# Replanting alfalfa...how long to wait?



## TooFast4U (Aug 5, 2008)

I know most recommendations are to keep a field out of alfalfa for a year before reseeding, but has anyone tried it in 5 months?

Here's the deal...

The "big midwestern late spring freeze of 2007" killed off 2/3 of the remaining plants in an old, dwindling alfalfa/orchardgrass stand. We applied some extra N in '07 and got a couple more cuttings (heavy on orchardgrass, but with a surprising amount of alfalfa), with the plan being to break the field out of alfalfa after 1st cutting in 2008.

Things have gone as expected in 2008. After 1st cutting (in May) we disked the field 2x, plus ran a DoAll and mulcher over it to establish some teff in June.

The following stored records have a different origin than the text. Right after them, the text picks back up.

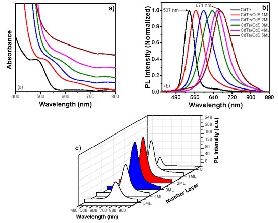UV–vis absorption (a) and PL spectra (b) and (c) of CdTe/CdS QDs with one to five layers of CdS synthesized with CdTe core of 2.17 nm diameter.
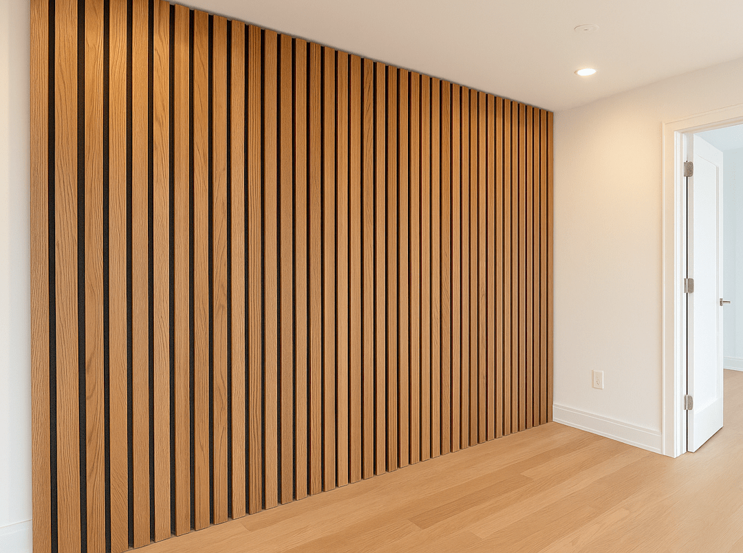 Includes design consultation, felt backing, solid wood slats, mounting, and finishing. Price varies by wood species, slat spacing, and wall height. Excludes LED lighting and custom staining. Most projects completed in 1–2 days.
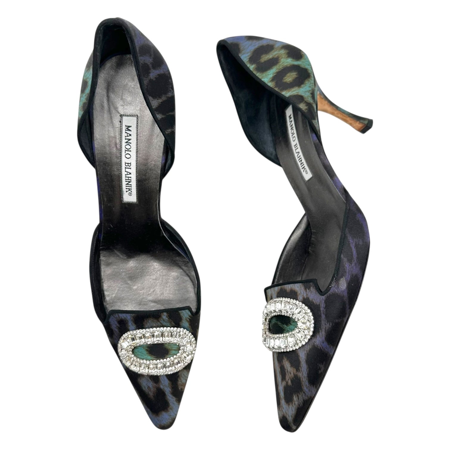 Manolo Blahnik Purple Leopard Print D'Orsay Kitten Heels
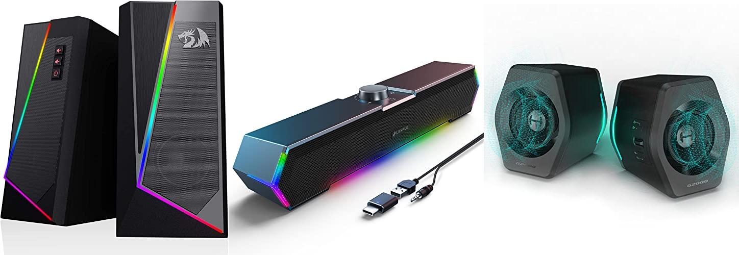 Do the speakers fit on your desk? Do they look cool with your gaming setup? Some speakers have flashy RGB lights. Others are more understated.
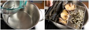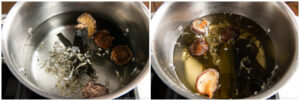 - In a large pot, combine 12½ cups water, ⅔ oz Kombu, ⅔ oz dried Shiitake, and ⅔ oz Iriko/Niboshi (boiled and dried anchovies). If you use several pieces of Kombu, count them so you know how many pieces to remove later.
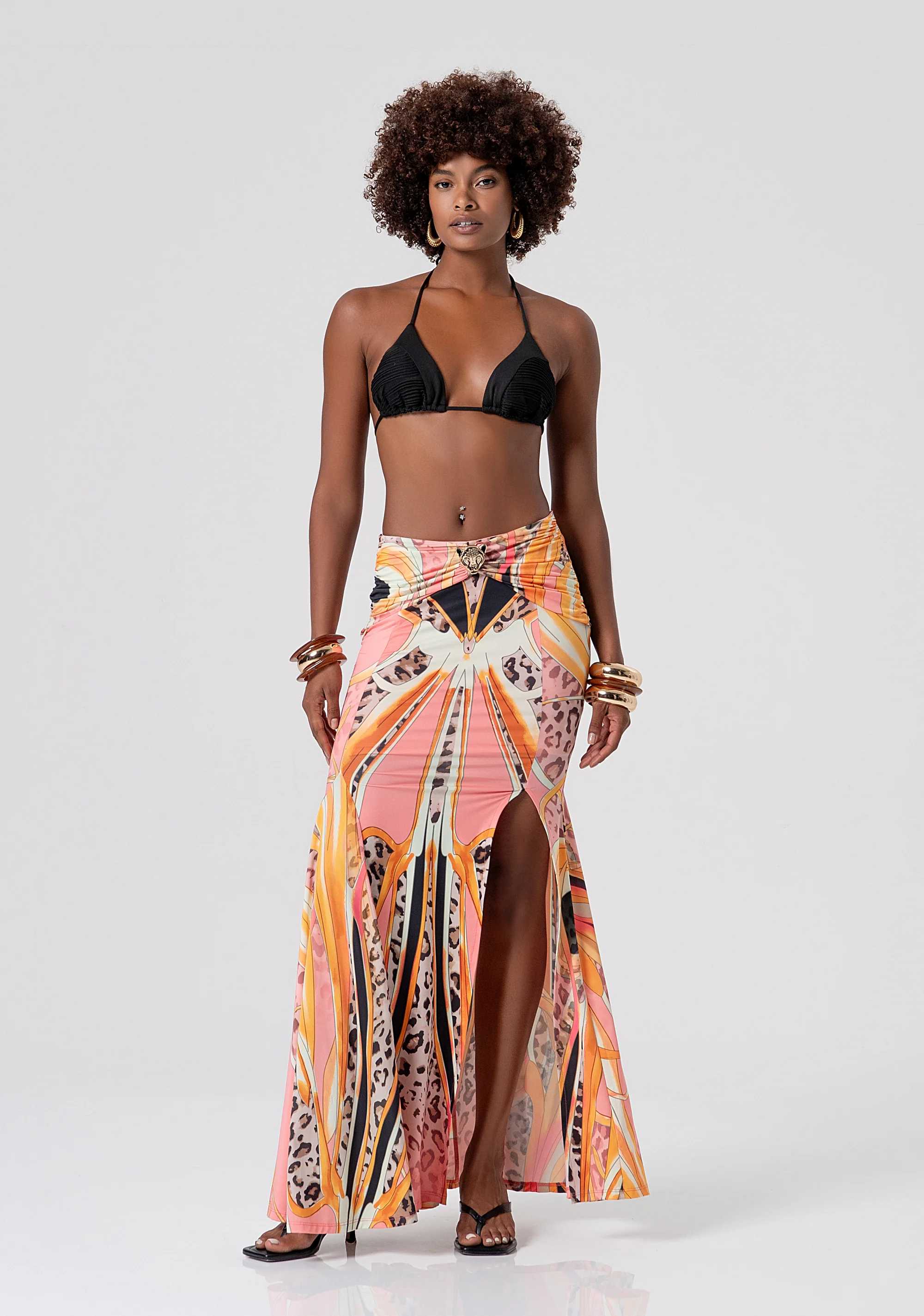 Gonna slim lunga in fantasia, vita regolare con accessorio metallico, e con spacco sul davanti.
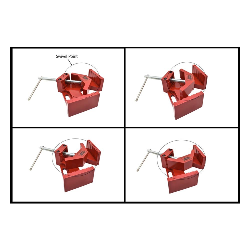 • Maintains square corners even when clamping uneven stock by allowing the jaws to pivot and self-align during tightening.
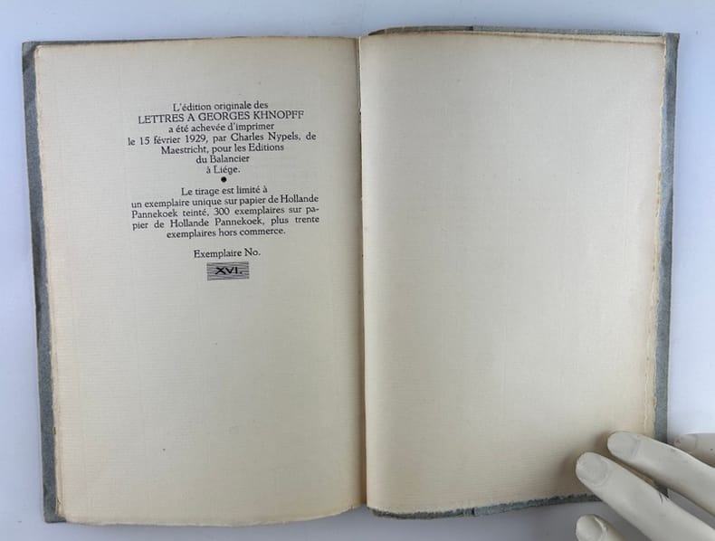Léon Bloy, Lettres à Georges Khnopff. Liège, éditions du Balancier, 1929. In-8, 55p. Edition originale tirée à 300 exemplaires sur hollande (n°119), ici avec la couverture blanche (les couvertures étaient soit bleues soit blanches). Broché, petits défauts. Bon exemplaire. [V]
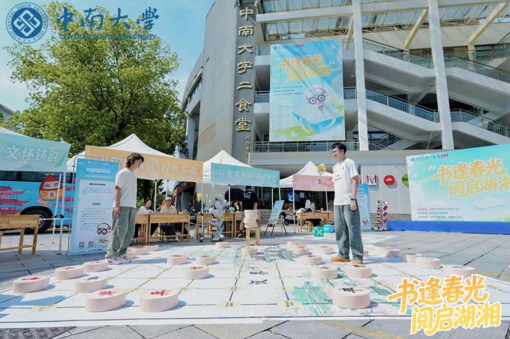 主会场上,多名“读书达人”站上领奖台,展示着中南学子的良好风貌。中华经典吟唱团以一首《沁园春·雪》为本届读书文化节拉开序幕。本次活动以“启源-铸韵-立魂-践行-升华-寻根-新生”为主线,设计了投壶雅戏、象棋对弈、先贤飞行棋、拼词成诗等十余项沉浸式互动游戏,让中南学子能够在集章闯关中走进湖湘经典,感悟湖湘书香。
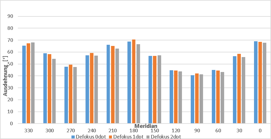 Die Ausdehnung des Gesichtsfeldes wird durch eine Neblung nicht beeinflusst. Vertikal beträgt die Ausdehnung des Gesichtsfeldes nach oben etwa 40° und nach unten etwa 48°. Die horizontale Ausdehnung des Gesichtsfeldes liegt zwischen 65° und 70° sowohl in nasaler als auch in temporaler Richtung. Die Unterschiede zwischen Emmetropie und Nebelungen um 1 dpt oder 2 dpt machen nur 1° bis 2° aus. Die Unterschiede sind statistisch nicht signifikant (p>0,8; einseitiger T-Test).

We did a good job getting rid of the alfalfa: I don't see *any* alfalfa plants in the teff stand. But have to wonder whether the allelopathic effect would still likely be a problem for a new alfalfa stand established this fall (September).

Experiences anyone?


----------



## greenacres (Jun 5, 2008)

I am in east central Iowa and have tried fall seeding three times and wasnt very successful, as far as the autotoxicity in my opinion I think you are pushing it, one of my fall seedings was just what you are doing and I didn't get a very good take on seeding. If the little alfalfa comes up and you turn off hot and dry it will hurt. But you can always reseed next spring. If you do seed this fall put some N down to help the seed get started maybe 30 to 40#.
It's your seed but in (my opinion only) I would wait till next spring


----------



## Indy Farmer (May 14, 2008)

That has worked well for us in west southwest indiana. Probably pushing it with only five months IMO. Our soils are little sandier here, so if we fall seed and it turns up dry as mentioned above, the stand suffers. If you do seed, let us know how it works.


----------



## BCFENCE (Jul 26, 2008)

I always like to go either beans or corn, then go with wheat in behind either crop to put alfalfa in the fall if tou can. Mother nature has a problem with me sowing any this fall because of lack of rain. Corn is dieing down and soybeans wont be to far behind, this is almost like last year all over again, but this year could be worse JUST MY 2 CENTS THOMAS


----------



## Rodney R (Jun 11, 2008)

I think that's too soon. Supposedly the alleopathic effect has been bred out of the current alfalfa varieties, but I'm not willing to make that gamble. I'd no-till some wheat in there, and then plant for next fall. Here in PA, a spring seeding is nearly worthless, as we almost always turn dry, but then get a decent amount of moisture towards fall. Right now I'm waiting on some moisture to settle lime and moisten the ground to plant some alfalfa.

Rodney


----------



## hay wilson in TX (Jan 28, 2009)

It depends where you are. Here I can plant into an older thinning out stand. 
I do not know the why of it. It may be the high 8 pH, it may be the heavy clay, it may be our hot droughty summers or a combinatins of these and other factors.


----------



## Diamondgfarm (Feb 12, 2009)

We have sprayed/killed alfalfa in the fall and replanted in the spring (March) and got along fine.


----------